A U.S. trademark registration must be maintained every five years, and renewed every ten, to keep it active and enforceable.  A component of this is the trademark owner filing an affidavit with the Trademark Office, stating the trademark owner is still using the mark in connection with the goods and services in the registration.  The affidavit had to be accompanied by a current specimen showing at least one good or service in the registration actually in use.

This changed recently.  Trademark owners need to know about this change, because of the catastrophic impact it can have on their valuable brands/marks.

The Trademark Office implemented a new rule for trademark renewals and maintenance.  A trademark owner must now submit evidence of use for every type of good or service claimed in the registration.  Failure to do so can result in the Trademark Office deleting goods or services for which the trademark owner can’t prove use.  Worse still, a failure to respond to the Office’s request for additional proof of use can result in cancellation of the entire registration and loss of that brand’s trademark protection.

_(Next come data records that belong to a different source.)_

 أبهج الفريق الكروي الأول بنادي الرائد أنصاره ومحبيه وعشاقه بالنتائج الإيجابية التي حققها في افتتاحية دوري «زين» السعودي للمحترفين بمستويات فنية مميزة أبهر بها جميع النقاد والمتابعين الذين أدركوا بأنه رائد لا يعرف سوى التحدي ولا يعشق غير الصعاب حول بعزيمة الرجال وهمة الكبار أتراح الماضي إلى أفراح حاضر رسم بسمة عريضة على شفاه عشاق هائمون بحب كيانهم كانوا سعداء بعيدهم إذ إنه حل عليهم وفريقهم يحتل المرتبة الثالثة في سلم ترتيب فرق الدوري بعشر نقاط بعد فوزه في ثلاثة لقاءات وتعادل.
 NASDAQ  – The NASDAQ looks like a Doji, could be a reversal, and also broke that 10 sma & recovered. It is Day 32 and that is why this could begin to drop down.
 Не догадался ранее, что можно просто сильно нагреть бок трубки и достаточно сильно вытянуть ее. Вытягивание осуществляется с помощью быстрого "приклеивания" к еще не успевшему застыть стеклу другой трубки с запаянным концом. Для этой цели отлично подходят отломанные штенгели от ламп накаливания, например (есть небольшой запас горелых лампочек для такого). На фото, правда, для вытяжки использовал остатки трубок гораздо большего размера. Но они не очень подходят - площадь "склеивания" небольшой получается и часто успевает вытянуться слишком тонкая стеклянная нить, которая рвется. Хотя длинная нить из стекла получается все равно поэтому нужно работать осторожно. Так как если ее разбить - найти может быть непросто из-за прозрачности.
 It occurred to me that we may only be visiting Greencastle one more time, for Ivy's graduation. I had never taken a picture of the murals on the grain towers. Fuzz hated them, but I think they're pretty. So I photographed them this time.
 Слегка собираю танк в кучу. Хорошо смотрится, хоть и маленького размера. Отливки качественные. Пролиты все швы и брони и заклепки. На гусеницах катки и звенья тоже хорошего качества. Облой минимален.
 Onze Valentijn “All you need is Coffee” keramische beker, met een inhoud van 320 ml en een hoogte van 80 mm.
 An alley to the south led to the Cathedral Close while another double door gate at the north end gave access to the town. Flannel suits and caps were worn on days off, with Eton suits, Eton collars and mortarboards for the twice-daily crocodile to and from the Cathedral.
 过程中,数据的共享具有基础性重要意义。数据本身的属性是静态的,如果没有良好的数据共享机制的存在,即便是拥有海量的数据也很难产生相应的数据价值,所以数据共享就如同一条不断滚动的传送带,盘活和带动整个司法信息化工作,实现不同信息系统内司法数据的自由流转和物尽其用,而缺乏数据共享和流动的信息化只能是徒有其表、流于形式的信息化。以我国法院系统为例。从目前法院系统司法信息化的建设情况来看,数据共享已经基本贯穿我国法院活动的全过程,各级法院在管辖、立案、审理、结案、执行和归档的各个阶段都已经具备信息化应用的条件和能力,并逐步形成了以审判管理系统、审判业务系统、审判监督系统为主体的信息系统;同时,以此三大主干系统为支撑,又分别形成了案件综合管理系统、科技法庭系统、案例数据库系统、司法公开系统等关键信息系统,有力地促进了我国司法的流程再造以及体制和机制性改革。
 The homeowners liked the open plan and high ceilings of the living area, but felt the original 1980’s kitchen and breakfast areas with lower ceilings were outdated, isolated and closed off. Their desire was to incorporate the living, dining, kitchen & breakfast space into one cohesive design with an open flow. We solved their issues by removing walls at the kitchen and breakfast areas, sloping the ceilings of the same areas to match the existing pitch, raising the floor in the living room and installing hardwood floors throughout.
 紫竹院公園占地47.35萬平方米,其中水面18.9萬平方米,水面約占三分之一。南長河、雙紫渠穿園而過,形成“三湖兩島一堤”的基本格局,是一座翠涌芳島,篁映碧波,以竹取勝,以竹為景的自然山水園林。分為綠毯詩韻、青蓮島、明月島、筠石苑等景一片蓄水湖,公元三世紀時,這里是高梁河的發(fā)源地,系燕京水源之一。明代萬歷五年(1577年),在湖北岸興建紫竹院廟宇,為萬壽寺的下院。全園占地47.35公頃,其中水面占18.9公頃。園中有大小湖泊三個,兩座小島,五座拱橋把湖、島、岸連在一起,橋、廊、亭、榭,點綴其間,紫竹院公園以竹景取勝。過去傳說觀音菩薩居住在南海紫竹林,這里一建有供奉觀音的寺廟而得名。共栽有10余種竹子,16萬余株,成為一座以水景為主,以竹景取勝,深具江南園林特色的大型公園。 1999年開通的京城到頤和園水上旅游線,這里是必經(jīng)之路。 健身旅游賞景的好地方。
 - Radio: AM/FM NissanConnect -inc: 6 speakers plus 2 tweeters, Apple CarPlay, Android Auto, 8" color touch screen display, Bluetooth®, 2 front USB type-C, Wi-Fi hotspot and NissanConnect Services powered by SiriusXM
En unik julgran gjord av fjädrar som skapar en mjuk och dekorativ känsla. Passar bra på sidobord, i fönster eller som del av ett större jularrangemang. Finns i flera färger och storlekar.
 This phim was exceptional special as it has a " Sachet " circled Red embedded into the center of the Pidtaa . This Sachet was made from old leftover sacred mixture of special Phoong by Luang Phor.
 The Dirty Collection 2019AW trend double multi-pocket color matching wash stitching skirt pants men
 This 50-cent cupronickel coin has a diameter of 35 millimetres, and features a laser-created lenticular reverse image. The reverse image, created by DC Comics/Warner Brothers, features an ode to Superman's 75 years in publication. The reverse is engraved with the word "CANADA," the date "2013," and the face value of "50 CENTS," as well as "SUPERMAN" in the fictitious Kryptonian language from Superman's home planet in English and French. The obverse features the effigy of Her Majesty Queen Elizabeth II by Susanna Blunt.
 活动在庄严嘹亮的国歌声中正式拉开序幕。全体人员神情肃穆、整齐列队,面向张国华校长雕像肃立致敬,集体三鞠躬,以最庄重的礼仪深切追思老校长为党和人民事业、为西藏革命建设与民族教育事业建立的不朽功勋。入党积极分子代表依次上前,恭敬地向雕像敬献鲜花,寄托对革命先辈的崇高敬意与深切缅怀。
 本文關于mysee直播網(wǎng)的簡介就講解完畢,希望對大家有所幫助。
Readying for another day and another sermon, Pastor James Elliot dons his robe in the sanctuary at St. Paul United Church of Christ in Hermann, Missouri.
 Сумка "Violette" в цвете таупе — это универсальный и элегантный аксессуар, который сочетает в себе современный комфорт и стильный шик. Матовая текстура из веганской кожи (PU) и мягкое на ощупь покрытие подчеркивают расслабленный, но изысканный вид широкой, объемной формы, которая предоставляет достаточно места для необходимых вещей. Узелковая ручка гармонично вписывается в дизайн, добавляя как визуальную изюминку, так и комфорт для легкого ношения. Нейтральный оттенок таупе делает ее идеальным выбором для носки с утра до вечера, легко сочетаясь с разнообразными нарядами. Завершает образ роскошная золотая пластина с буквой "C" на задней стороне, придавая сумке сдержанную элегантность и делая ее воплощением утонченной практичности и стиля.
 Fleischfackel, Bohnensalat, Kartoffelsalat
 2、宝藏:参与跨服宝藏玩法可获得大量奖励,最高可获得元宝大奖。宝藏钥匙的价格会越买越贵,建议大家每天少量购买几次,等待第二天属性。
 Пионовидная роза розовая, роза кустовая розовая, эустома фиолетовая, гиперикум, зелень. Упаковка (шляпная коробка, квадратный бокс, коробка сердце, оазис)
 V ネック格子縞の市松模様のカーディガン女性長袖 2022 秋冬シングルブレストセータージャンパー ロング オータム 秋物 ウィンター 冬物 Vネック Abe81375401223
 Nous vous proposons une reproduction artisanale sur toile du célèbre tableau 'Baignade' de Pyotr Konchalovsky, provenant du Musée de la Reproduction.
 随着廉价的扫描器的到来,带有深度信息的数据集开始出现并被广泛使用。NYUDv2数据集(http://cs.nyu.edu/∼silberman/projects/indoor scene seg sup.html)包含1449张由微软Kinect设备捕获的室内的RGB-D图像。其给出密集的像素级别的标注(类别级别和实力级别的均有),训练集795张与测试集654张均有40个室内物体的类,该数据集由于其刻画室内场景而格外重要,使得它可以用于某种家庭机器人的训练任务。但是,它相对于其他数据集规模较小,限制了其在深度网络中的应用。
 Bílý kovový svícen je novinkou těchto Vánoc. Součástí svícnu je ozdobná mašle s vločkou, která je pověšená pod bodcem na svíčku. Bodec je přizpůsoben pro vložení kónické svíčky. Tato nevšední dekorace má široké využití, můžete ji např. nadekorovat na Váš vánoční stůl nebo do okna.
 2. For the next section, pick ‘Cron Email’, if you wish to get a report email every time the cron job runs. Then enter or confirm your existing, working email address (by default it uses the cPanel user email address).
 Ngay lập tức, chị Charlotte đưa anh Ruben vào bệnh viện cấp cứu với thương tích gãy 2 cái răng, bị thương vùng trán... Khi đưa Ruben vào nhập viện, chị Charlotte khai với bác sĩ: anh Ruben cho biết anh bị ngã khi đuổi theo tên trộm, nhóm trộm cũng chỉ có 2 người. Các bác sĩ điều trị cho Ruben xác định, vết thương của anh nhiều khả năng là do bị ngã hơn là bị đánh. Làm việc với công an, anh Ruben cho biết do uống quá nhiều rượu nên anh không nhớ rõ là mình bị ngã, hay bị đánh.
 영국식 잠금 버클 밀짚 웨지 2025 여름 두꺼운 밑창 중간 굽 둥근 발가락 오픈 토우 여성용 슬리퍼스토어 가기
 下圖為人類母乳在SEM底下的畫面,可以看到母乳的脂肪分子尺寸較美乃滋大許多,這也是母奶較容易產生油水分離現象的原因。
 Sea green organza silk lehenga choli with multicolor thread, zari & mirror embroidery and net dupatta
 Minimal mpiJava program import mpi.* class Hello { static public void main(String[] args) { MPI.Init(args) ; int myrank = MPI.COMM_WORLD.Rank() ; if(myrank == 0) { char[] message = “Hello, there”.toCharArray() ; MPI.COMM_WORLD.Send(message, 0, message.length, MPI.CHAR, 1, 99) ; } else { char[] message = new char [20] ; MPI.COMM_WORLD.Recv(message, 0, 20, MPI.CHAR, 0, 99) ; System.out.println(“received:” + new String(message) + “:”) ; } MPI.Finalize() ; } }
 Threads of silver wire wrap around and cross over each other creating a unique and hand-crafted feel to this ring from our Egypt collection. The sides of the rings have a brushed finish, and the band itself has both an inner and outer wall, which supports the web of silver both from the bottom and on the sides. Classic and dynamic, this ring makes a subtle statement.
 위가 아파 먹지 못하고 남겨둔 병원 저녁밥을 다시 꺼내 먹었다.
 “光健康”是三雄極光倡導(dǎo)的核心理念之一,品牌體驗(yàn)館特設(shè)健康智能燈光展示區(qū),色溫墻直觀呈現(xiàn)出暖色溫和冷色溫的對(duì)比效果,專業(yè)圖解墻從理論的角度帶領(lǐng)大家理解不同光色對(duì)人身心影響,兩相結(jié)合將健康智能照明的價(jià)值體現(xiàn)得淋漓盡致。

How do you as a mark owner avoid this? I suggest doing the following:

  • When a maintenance or renewal affidavit is filed, items you’re no longer selling and services you’re no longer providing should be deleted.
  • When filing a registration application, don’t throw in the kitchen sink by having a huge list of goods and services in the application. Only list what’s actually being sold or provided or that you’re intending to sell or provide.
  • Keep records of what you’re actually selling and offering and review it periodically. This allows you to make sure you can prove what goods and services in your registration you’re actually selling or offering.  You can begin to sell or offer anything in your registration that you haven’t before the next maintenance/renewal time and keep track of what needs to be deleted from the affidavit when it’s time to file it.

The reason for this huge change in proving use?  The Trademark Office did an audit of several hundred trademark owners seeking renewal.  They found that over 1/2 of these trademark owners couldn’t supply requested proof of use for at least some of the goods and services listed in their registrations.  The Trademark Office wants to stop trademark owners from unfairly holding monopolies that registered marks provide, when those marks aren’t being used for some goods and services listed in their registrations.  The Trademark Office considers it abuse of the registration process.

As far as the Trademark Office is now concerned, failure to prove use is abuse.  And, an abused trademark is one for which you can lose protection for unused goods or services, or lose your registration altogether.  So, in trademark, as in some other aspects of life, use it, or lose it.